How do you test the following series for convergence?: $$\sum_{n=2}^{\infty}\frac{1}{n^2\ln(n)}$$
What I've tried:
If we take the second sequence to be $1/n$ i.e $yⁿ=1/n$ and try to prove it by limit convergence test; but I dont know how can we prove that $1/n\geq 1/(n\ln(n))$
Justification for asking on a Q&A forum
To get an answer to my question, because I want to learn.
On
Well, the method you're trying isnt going to work. The limit comparison requires that you have a completely different series that you know converges. What youre doing is breaking your one and only series into term factors. I dont know where youre going with that. For example, if you want to use the limit comparison test then choose the series $\sum 1/n^2$ to compare it to:
Limit comparison:
If $\sum b_n = \sum \frac{1}{n^2}$ and $\sum a_n=\sum \frac{1}{n^2 \ln(n)}$ then evaluate the limit $\lim\frac{a_n}{b_n} = \lim \frac{n^2}{n^2 \ln(n)} = \lim \frac1{\ln(n)}=0$, which is finite.
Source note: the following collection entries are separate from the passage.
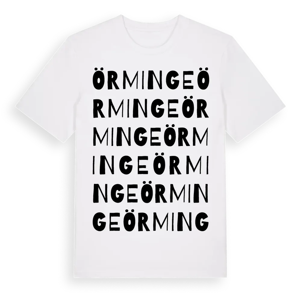 Örminge ordlek t-shirt är inspirerad av byn Örminge i Östergötlands län, Sverige. Tröjan är designad för dig som har en speciell koppling till platsen – oavsett om du bor här, har rötterna här eller bara älskar Örminge.
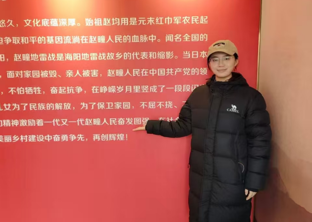 1月26日,徐萌同学深入赵曈村地雷战红色遗址,她聆听英雄树作为当年民兵瞭望哨,守护村庄、传递敌情的过往;在刻有“第一颗地雷埋藏地”的石碑前,了解赵同伦等民兵首战告捷的壮举。通过此次探访,她真切感受了革命先辈就地取材制雷、百折不挠抗敌的勇气,同时增强对党的认同与追随,努力成长为有理想、敢担当、能吃苦、肯奋斗的新时代青年。
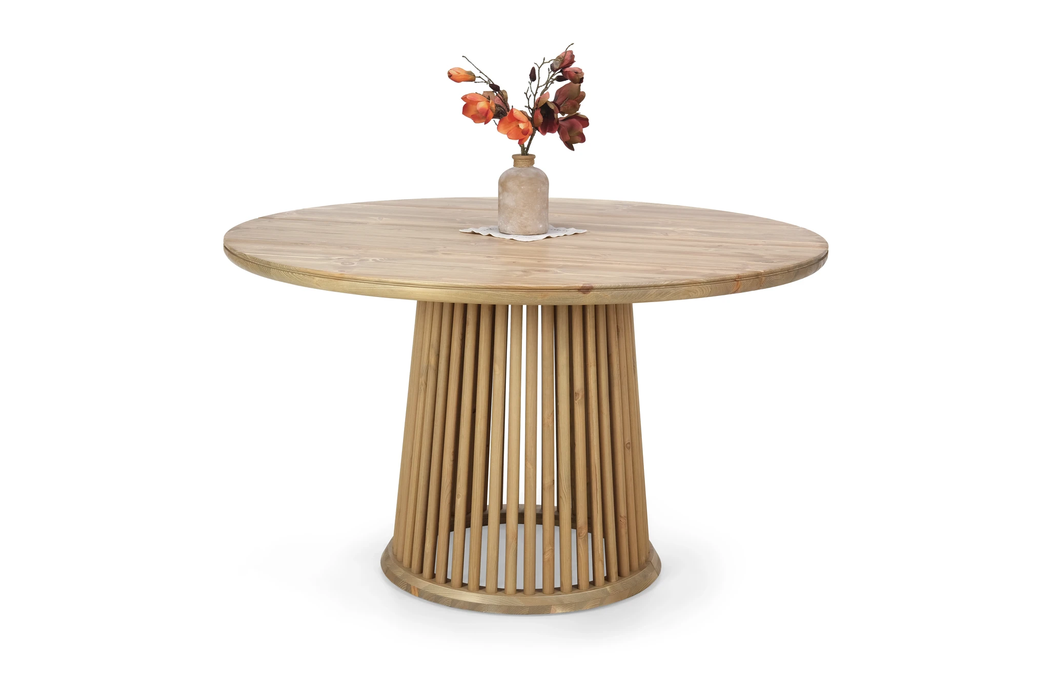 Elina on näyttävä, rustiikkinen ruokapöytä, joka sopii niin sisä- kuin katettuihin ulkotiloihin. Kaunis mäntykansi korostaa puun luonnollisia syykuvioita, ja pyöristetyt reunat tuovat pehmeyttä sen vahvaan ilmeeseen.

Normally the limit must be positive but there is a caveat for the case of $0$. Since $\lim b_n\ne\infty$ we are still assured convergence.
But there are a multitude of other ways to prove this. Here are some other tests, below. Some you will learn in your calculus class and some you wont ever hear about unless you research them.
Direct comparison:
Observe that for $n\ge 3$, we have $\frac{1}{n^2\ln(n)}\le \frac{1}{n^2}$. So by direct comparison to the convergent power series, we have convergence.
Cauchy Condensation:
$\sum f(n) = \sum\frac{1}{n^2\ln(n)}$ converges if and only if $\sum 2^n f(2^n)=\sum \frac{2^n}{(2^n)^2\ln(2^n)} = \frac{1}{\ln(2)}\cdot\sum \frac{1}{n2^n}$ converges. Im ignoring indices since I dont care to evaluate the limits, but just to verify the convergence.
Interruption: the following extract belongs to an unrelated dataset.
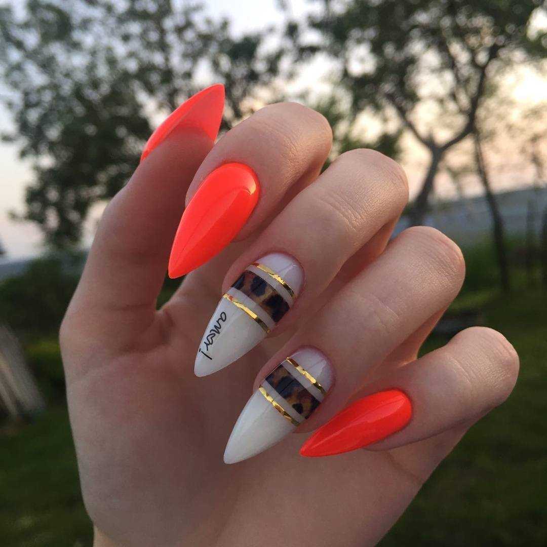 Для дизайна используется комбинация материалов и техник. На одной ногтевой пластине могут уместиться блестки, фольга, аппликация, стразы. Оригинально и модно смотрится леопардовый принт в сочетании с дерзкой черной паутинкой. Также можно добавить прямые линии.

In any case, you can verify convergence of this new, modified series by the ratio test. If you have a keen eye and know your series', and pick the right starting index, you find that $\sum_{n=1}^\infty\frac1{n 2^n}=\ln(2)$
Cauchy Condensation is a good test for bounding a finite sum.
Ermakoff's Test
$\lim\frac{e^n f(e^n)}{f(n)}=\lim \frac{e^n/((e^n)^2\ln e^n)}{1/(n^2\ln n)}=\lim\frac{n\ln(n)}{e^n}=\lim\frac{1+\ln(n)}{e^n}=\lim\frac{1}{ne^n}=0<1$
Using two iterations of l'Hopitals rule. The limit superior is less than 1, therefore convergence. If limit inferior greater than 1, then divergence. Otherwise, indeterminate results.
Integral test
$\int_2^\infty f(x)\;dx = \int_2^\infty \frac{1}{x\ln(x)}\;dx\approx 0.3787$
Computer aided evaluation. It does not have a nice anti-derivative. But the integral is finite, so we have convergence.
Abel's Test
Make note that $\frac{1}{n^2\ln(n)}=\frac{1}{n^2}\cdot\frac{1}{\ln(n)}$ for two new sequences $\{1/n^2\}$ and $\{1/\ln(n)\}$.
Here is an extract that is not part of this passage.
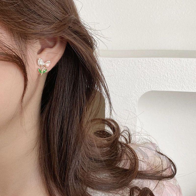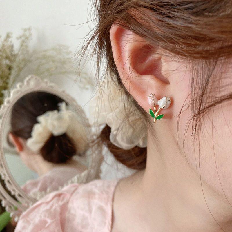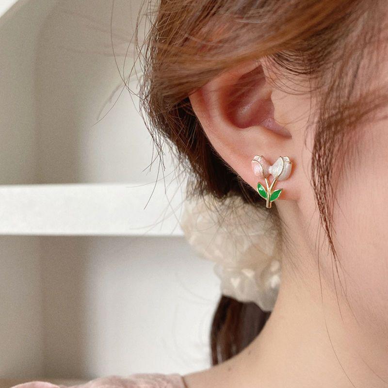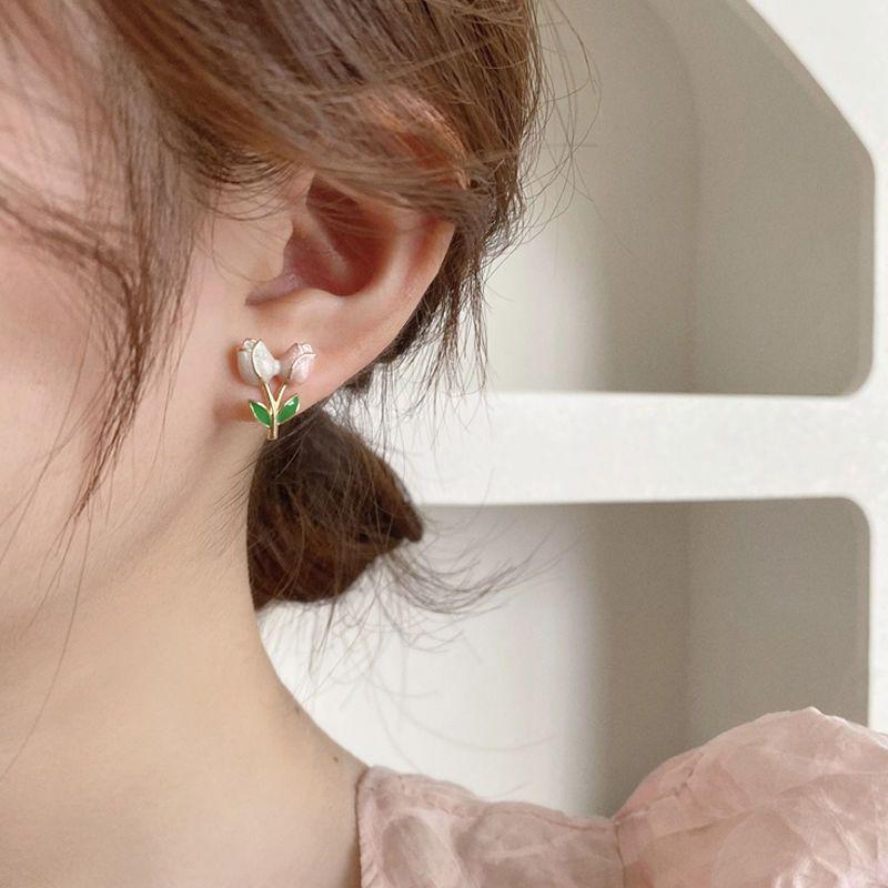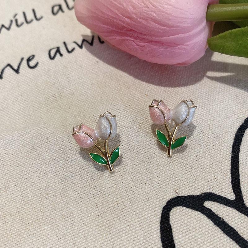 チューリップのイヤリングは甘くて、みんなのデザイン感があります。

Note that $\sum 1/n^2$ is convergent as per the p-series test and note that $\{1/\ln(n)\}$ is a bounded, monotone sequence for sufficiently large $n$.
Therefore $\sum\frac{1}{n^2\ln(n)}$ converges.
Rao's Logarithm test
Evaluate the limit: $$L=\lim_{n\to\infty} \frac{\ln(a_n)}{\ln(n)}=\lim\frac{\ln(\frac{1}{n^2\ln(n)})}{\ln(n)}=-2-\lim\frac{\ln(\ln(n))}{\ln(n)}$$
I dont know what that last funky limit evaluates to but it doesnt matter. Overall we are getting $L<-1$, thus convergence.
Yi-Fang Chang's Differential test
For $\sum a_n$ where $f(n)=a_n$ for $n\in\Bbb N$, we evaluate the limit of the continuous differential expression: $$L = \lim_{x\to\infty}x\frac{d}{dx}\ln(f(x))$$
In our case, when you evaluate the limit, we get $L=-2$ and since $L<-1$ convergence is implied.
I could go on to list a dozen or more other tests. Suffice it to say there are quite a few. You have options. Some are more useful or fruitful than others. It all depends on the series. Many fail entirely and some are just a lot of work for a series.
Hint. Note that for $n\geq 3$, $$\frac{1}{n^2\ln(n)}\leq \frac{1}{n^2}$$ and use the comparison test.